# HIDDEN
# Clear previously defined variables
%reset -f

import os
os.chdir(os.path.expanduser('~/notebooks/18'))

# HIDDEN
import warnings
# Ignore numpy dtype warnings. These warnings are caused by an interaction
# between numpy and Cython and can be safely ignored.
# Reference: https://stackoverflow.com/a/40846742
warnings.filterwarnings("ignore", message="numpy.dtype size changed")
warnings.filterwarnings("ignore", message="numpy.ufunc size changed")

import numpy as np
import matplotlib.pyplot as plt
import pandas as pd
import seaborn as sns
%matplotlib inline
import ipywidgets as widgets
from ipywidgets import interact, interactive, fixed, interact_manual
import nbinteract as nbi

sns.set()
sns.set_context('talk')
np.set_printoptions(threshold=20, precision=2, suppress=True)
pd.options.display.max_rows = 7
pd.options.display.max_columns = 8
pd.set_option('precision', 2)
# This option stops scientific notation for pandas
# pd.set_option('display.float_format', '{:.2f}'.format)

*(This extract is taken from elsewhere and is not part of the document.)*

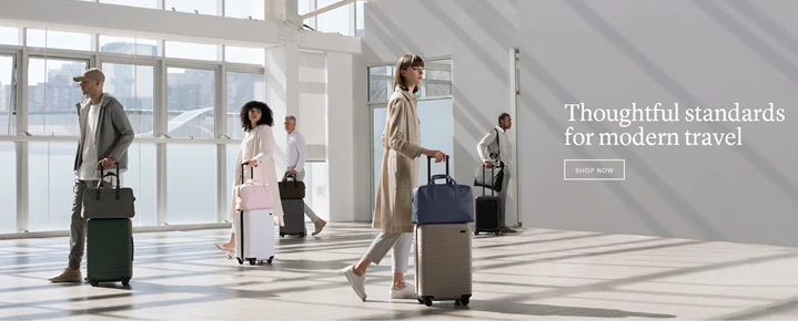 가방이 아닌 여행에 집중한 캐리어 브랜드 Away는 브랜드 네임처럼 어딘가로 떠나는 것에 집중합니다. 여행의 경험을 배가하는데 초점을 맞추었기 때문에 여행자의 숨겨진 불편을 해결해 주는 기능뿐 아니라 여행을 제대로 즐길 수 있는 헤아림으로 그득합니다.

## Bootstrapping for Linear Regression (Inference for the True Coefficients)¶

Recall that in linear regression, we fit a model of the following form \begin{aligned} f_\hat{\theta} (x) = \hat{\theta_0} + \hat{\theta_1} x_1 + \ldots + \hat{\theta_p} x_p \end{aligned}

We would like to infer the true coefficients of the model. Since the $\hat{\theta_0}$, $\hat{\theta_1}$, $\ldots$ $\hat{\theta_p}$ are estimators that vary based on our training data/observations, we would like to understand how our estimated coefficients compare with the true coefficients. Bootstrapping is a nonparametric approach to statistical inference that gives us standard errors and confidence intervals for our parameters.

Let's take a look at an example of how we use bootstrapping methods within linear regression.

### The Data¶

Otis Dudley Duncan was a quantitative sociologist interested in measuring the prestige levels of different occupations. There were only 90 occupations that were rated for their prestige level in the 1947 National Opinion Research Center (NORC) survey. Duncan wanted to “fill in” prestige scores for unrated occupations by using income and education data about each occupation recorded by the 1950 census. When joining the NORC data with the 1950 census data, only 45 occupations could be matched. Ultimately, Duncan's goal was to create a model to explain prestige using different characteristics; using this model, one can predict the prestige of other occupations not recorded in the NORC survey.

The Duncan dataset is a random sample of that contains information on the prestige and other characteristics of 45 U. S. occupations in 1950. The variables are:

occupation represents the type of occupation/title.